I came to CM late in life, in my forties. The Goldberg Variations got me started. I very much like early music and then baroque. I listen to 19th century romantic music once in a while but it’s not my favorite kind of music. I don’t listen to symphonies at all. I do enjoy Debussy, Shostakovich, and early 20th century music. 
I think a lot of minimalism-type music is beautiful. I like the eclectic experimental stuff like La Monte Young and Terry Riley. Steve Reich seems very mainstream and accessible to me and my favorite “modern” composer is Feldman. I think his music is sublime, certainly beautiful. 
I’ve been following this debate as it manifests in all these different threads. I really can’t imagine any point to contemporary composers trying to compose in the romantic idiom. I can understand why a child would do it. On the other hand, I do know what people are talking about when they complain about the avant garde. It demands a lot on the listener. Time is short and I have to be reasonably confident that the music is worth my attention. I’m sure Stockhausen and Cage were serious geniuses but I also suspect there are a lot of mediocre charlatans and sound-nerds getting money from foundations to make bleeps and bloops and a lot of audience members clapping because they just realized that the piece has finally ended and their friends are clapping. I’d like to believe that all the arts haven’t run their course, that some band today can make the equivalent of Led Zeppelin IV, but I can’t help feeling like we already reached that peak. I do not believe that the way forward is back. That never works. Sentimentality is a trap. We must move ahead but I don’t know about what the direction is. No direction home...


----------



## SanAntone (May 10, 2020)

What I perceive of as the *wonderful diversity of music and audiences*, is described by some TC members as a defect or decadence. This contrary opinion is hard for me to understand since nothing is lost by the introduction of new music. Bach and Beethoven and Chopin do not disappear. New recordings of all of the canonical composers appear each month.

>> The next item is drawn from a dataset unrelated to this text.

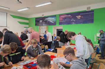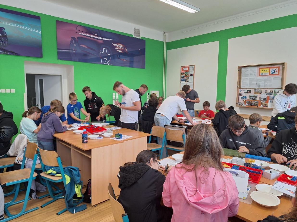 V rámci spolupráce s Krajskou hospodářskou komorou jsme opět uspořádali na naší škole soutěž ve stavění modelu z polytechnické stavebnice MERKUR. Soutěž byla zaměřena na technickou tvorbu a rozvoj jemné motoriky. Šestičlenné týmy tvořily vždy 3 studenti 2. ročníku (obor Dopravní prostředky) a 3 žáci základních škol z blízkého okolí (ZŠ Klicperova Nový Bydžov, ZŠ Karla IV. Nový Bydžov, ZŠ Chlumec nad Cidlinou, ZŠ Smidary a ZŠ Hlušice).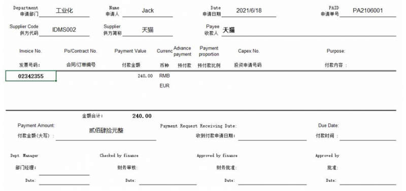 發票登記與付款閉環:在勤哲Excel服務器中,發票信息錄入通過P7-PA101完成,系統自動匹配采購項目、數量和單價,其余數據自動計算。用戶填寫發票號碼、金額、稅率和開票日期后,信息保存并可用于后續付款申請。付款通過P8-PA201提交,平臺僅顯示對應供方未付款發票,防止重復支付。付款申請需部門經理簽字,確保從采購到付款形成完整閉環,實現非直接物料采購流程的全程可控。

I just don't understand the animosity toward new music which does not answer to the taste of the traditional classical music members.


----------



## fluteman (Dec 7, 2015)

SanAntone said:


> What I perceive of as the *wonderful diversity of music and audiences*, is described by some TC members as a defect or decadence. This contrary opinion is hard for me to understand since nothing is lost by the introduction of new music. Bach and Beethoven and Chopin do not disappear. New recordings of all of the canonical composers appear each month.
> 
> I just don't understand the animosity toward new music which does not answer to the taste of the traditional classical music members.


It's anecdotal, but for many years I had a chamber music group that performed at business conventions, banquets, street fairs, trade shows, etc., sometimes for modest pay, sometimes for fun. We had some "popular" repertoire -- Gershwin, Cole Porter, show tunes, etc. -- and conventional 'serious' classical -- Bach, Telemann, Mozart, opera excerpts -- but we also sought out and found some contemporary music for our ensemble and played that. To my surprise, not only did most audiences prefer the 'serious' classical music to the popular tunes, we consistently made our biggest hit with the contemporary pieces, which were mostly but not entirely tonal, and in some cases were rather heavy-duty stuff. I remember playing one of these at a busy street fair, and afterwards one listener walked up to me, introduced himself, and wanted to talk about the piece, which impressed him, at some length. (I later found out from my wife that this guy was a major network soap opera TV star, but had no musical background to speak of.)

One big factor here is context. A relaxed environment with a non-paying audience with no expectations who can walk away at any time is not the same as an audience paying big bucks to sit in a prestigious concert hall who expect to hear what they think of as classical music. But you need to find some audience, in some context, who want to listen. Composers who say they don't care about the audience are either lying, kidding themselves, or are referring to the conventional classical music audience.

As for those like the OP who insist music must be 'beautiful', whatever that means, that seems like a bogus statement on its face. People want to see beautiful movies and read beautiful stories. But they also want to see harsh and ugly movies and to read harsh and ugly stories, which can be at least as emotionally moving and intellectually engaging. That is why those things exist and often are big hits.


----------



## chu42 (Aug 14, 2018)

milk said:


> Time is short and I have to be reasonably confident that the music is worth my attention. I'm sure Stockhausen and Cage were serious geniuses but I also suspect there are a lot of mediocre charlatans and sound-nerds getting money from foundations to make bleeps and bloops and a lot of audience members clapping because they just realized that the piece has finally ended and their friends are clapping.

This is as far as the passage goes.